Fed Delays Rate Hike Until '95

WASHINGTON -- The United States' central bank has decided to hold interest rates steady for now, but analysts expect it to resume tightening credit early next year.


Faced with an economy that is ending 1994 with a bang, the Federal Reserve Bank is expected to raise rates further in 1995 to keep a lid on inflation, observers said.


"They are ready to go further," said David Jones, veteran Fed watcher and chief economist at Wall Street broker Aubrey G. Lanston and Co.


The decision not to raise interest rates, made Tuesday by the central bank's policy-making Federal Open Market Committee, was anticipated and caused barely a ripple in the financial markets. The Fed has raised rates by 2.5 percentage points this year, including a bigger-than-expected three-quarter point increase just last month.


The inflation-wary Fed is at a crossroads.
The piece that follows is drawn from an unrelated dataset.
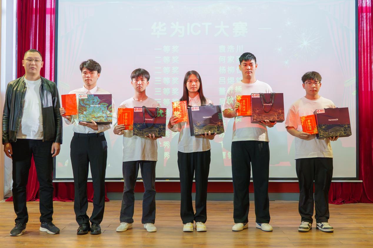 在隨后舉行的頒獎典禮上,大會依次對在華為ICT大賽、網(wǎng)站項目開發(fā)競賽、全國大學(xué)生職業(yè)規(guī)劃大賽三大賽事中榮獲一、二、三等獎及優(yōu)秀獎的同學(xué)進行了表彰。與會領(lǐng)導(dǎo)和企業(yè)嘉賓分別為獲獎學(xué)生頒獎,現(xiàn)場掌聲不斷,氣氛熱烈。大會還頒發(fā)了“優(yōu)秀指導(dǎo)老師”與“優(yōu)秀組織獎”,感謝他們在賽事組織與學(xué)生培養(yǎng)中的辛勤付出。
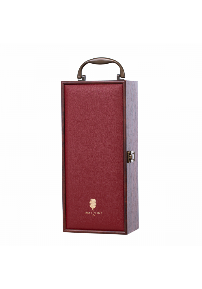 Hộp gỗ đơn mặt da đỏ đựng 1 chai rượu vang

It knows the economy is ending 1994 strongly, but it expects growth to slow next year as tighter credit begins to bite.


Federal Reserve Chairman Alan Greenspan "is trying to walk the fine line between getting the economy on a gradual glide growth path and not tightening too much to cause a recession," Lanston's Jones said.


So far, the Fed's rate increases have had little discernible impact on the economy.


Early signs were that consumers were spending briskly for the holidays. That, along with strong manufacturing activity, was expected to power the economy to a growth rate of about 4 percent a year in the final three months of 1994 -- well above the 2.5 to 3 percent pace the Fed is aiming for to keep a lid on inflation.